This finding is true in general - regardless of the dimension of a function's input - first order derivatives are always zero at the global minima of a function.  This is because minimum values of a function are naturally located at 'valley floors' where a tangent line or hyperplane tangent to the function is perfectly flat, and thus has zero-valued slope(s).

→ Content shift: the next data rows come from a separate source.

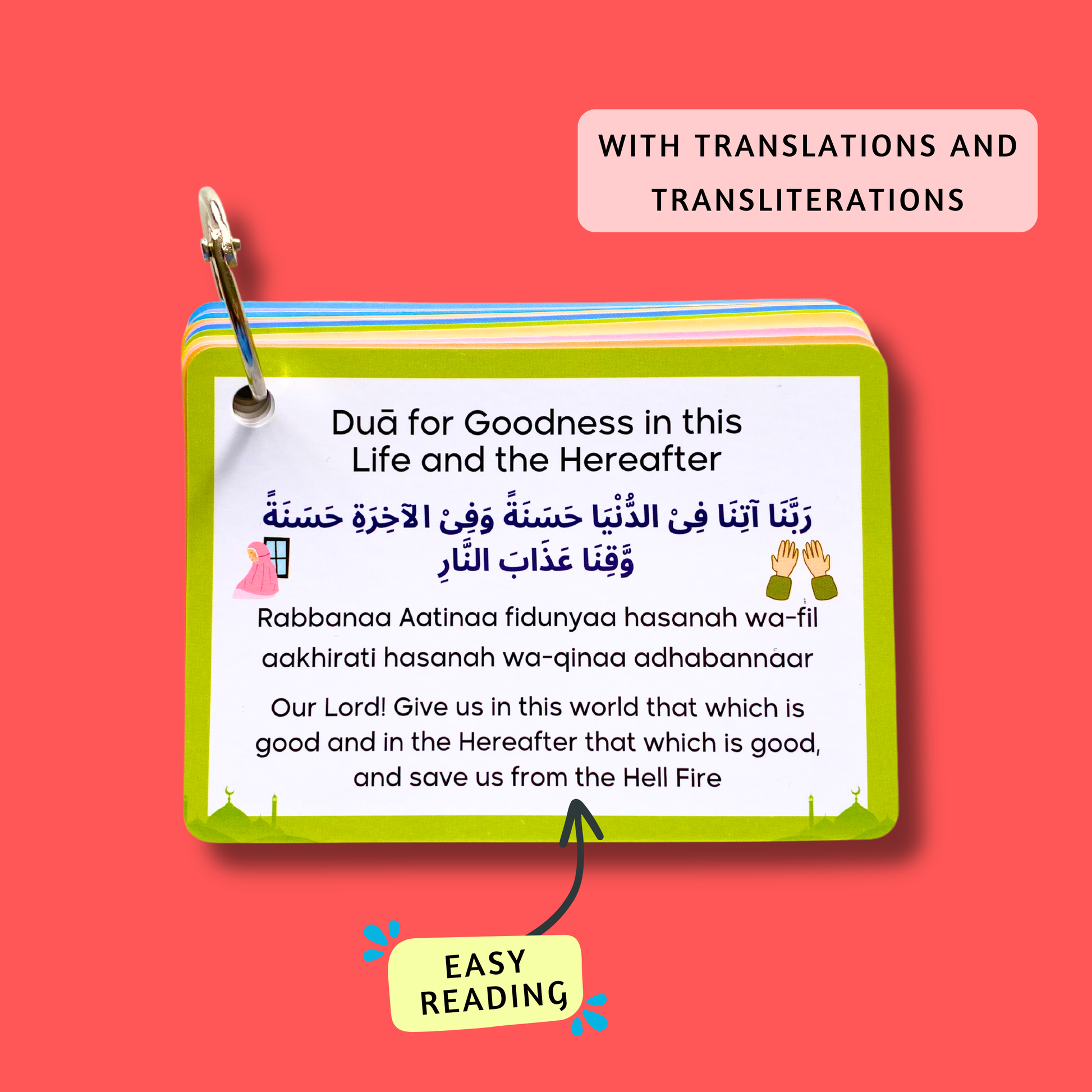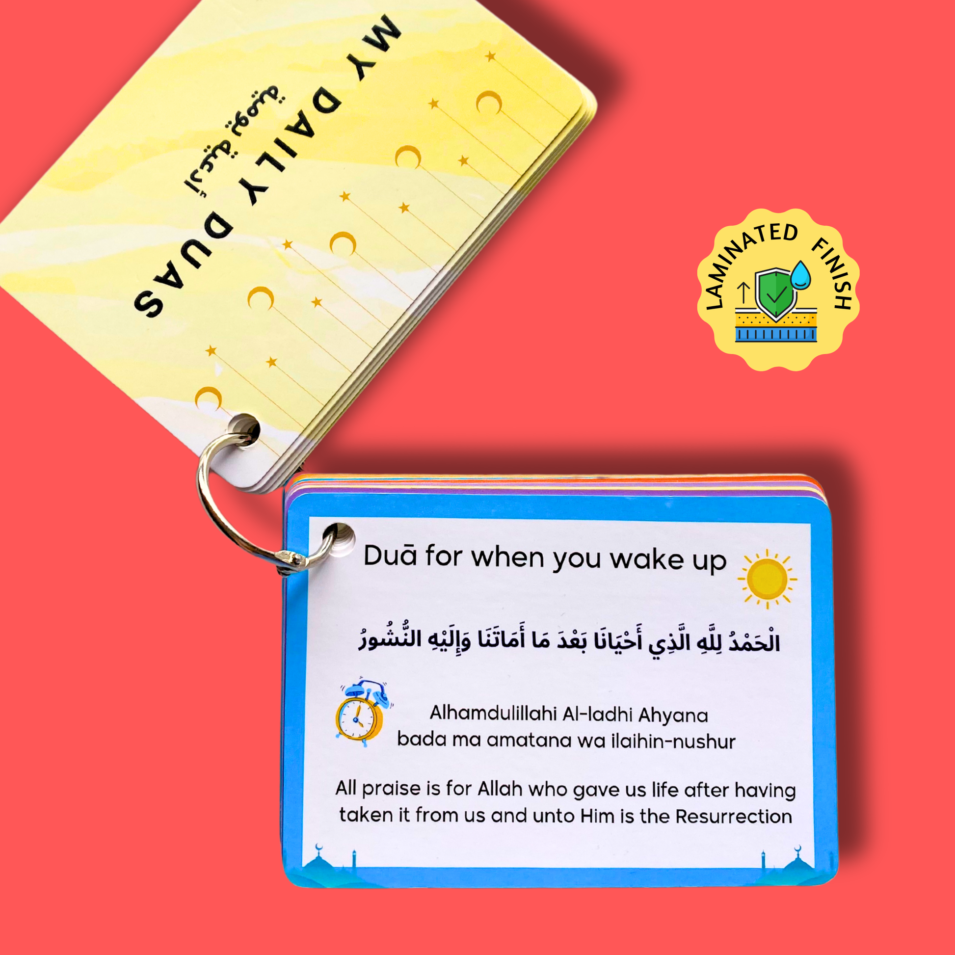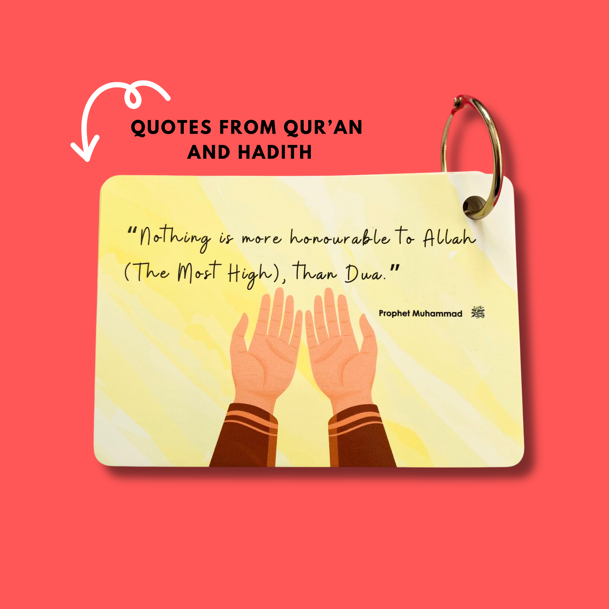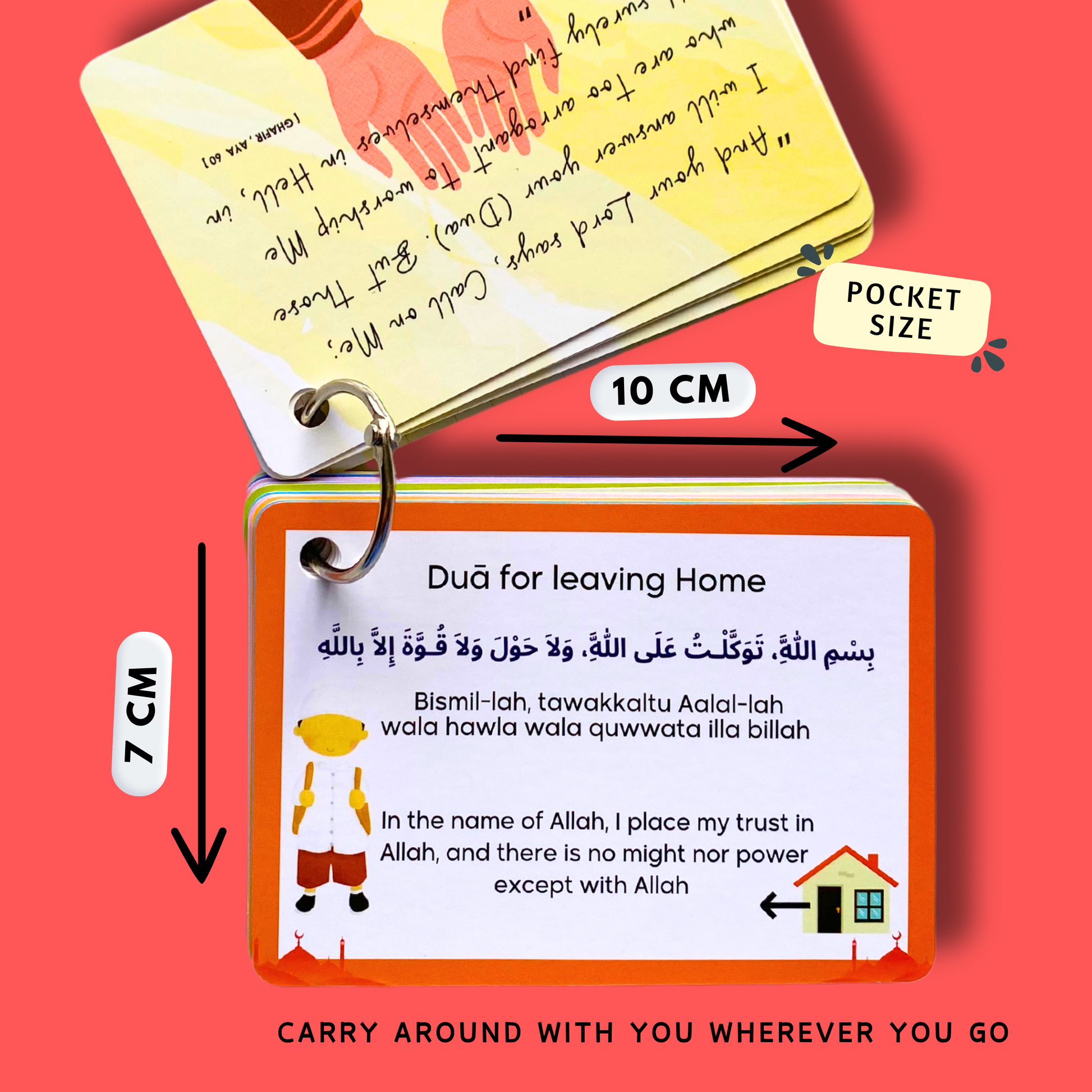 This Daily Dua Flash Card set has been designed as a carry around remembrance to the daily Duas all Muslims must know and recite. It is a perfect essential for Muslims of all ages to learn and improve memory of the Duas. It can be easily accessible and be carried around with you wherever you go. It can be a great, unique gift to friends and beloved ones. It includes 20 Dua Cards on the front, and Quotes from Hadith and Qur'an on the back of each card. It comes held in a binding ring for personal safe keeping. The cards are laminated, professional quality and made to last!
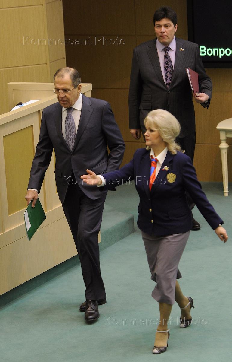 Заседание Совета Федерации России. Слева направо: первый заместитель председателя Совета Федерации России Александр Торшин, министр иностранных дел России Сергей Лавров и председатель Совета Федерации России Валентина Матвиенко на заседании.
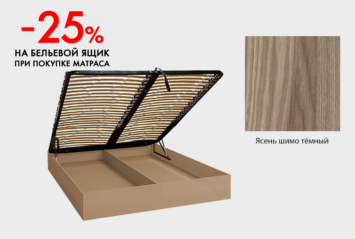 Угол открывания подъёмного механизма 36 градусов. Функционален, практичен и, с экономической стороны, полностью оправдывает вложения. Изготавливается в различных цветах. Размер ортопедической решетки по длине: 1950 мм, высота ящика – 230 мм. Ящик устанавливается на пол (дополнительно может крепиться к спинке и царгам кровати). При ежедневном использовании бельевого ящика с подъемным механизмом рекомендуем использовать простынь на резинке.

Because the derivative/gradient at a point gives precisely this slope information, the value of first order derivatives provide a convenient way of finding minimum values of a function $g$. In $N=1$ dimension any point $v$ where 

$$\frac{\mathrm{d}}{\mathrm{d}w}g\left(v\right)=0$$

is a potential minimum. Analogously with general $N$-dimensional input any $N$ dimensional point $\mathbf{v}$ where *every partial derivative of $g$ is zero*

\begin{array}
\
\frac{\partial}{\partial w_{1}}g=0,\\
\frac{\partial}{\partial w_{2}}g=0,\\
\,\,\,\,\,\,\,\,\,\,\vdots \\
\frac{\partial}{\partial w_{N}}g=0.
\end{array}

is a potential minimum.  Notice how this is a system of $N$ equation, which can written more compactly using the gradient - our convenient vectorized listing of these partial derivatives - as 

$$\nabla g\left(\mathbf{v}\right)=\mathbf{0}_{N\times1}$$

This is an extremely useful characterization of minimum points, and is central to the foundational algorithms of mathematical optimization.  However it not perfect - even a cursory check of other simple functions quickly reveals that other types of points have zero derivative(s) as well.  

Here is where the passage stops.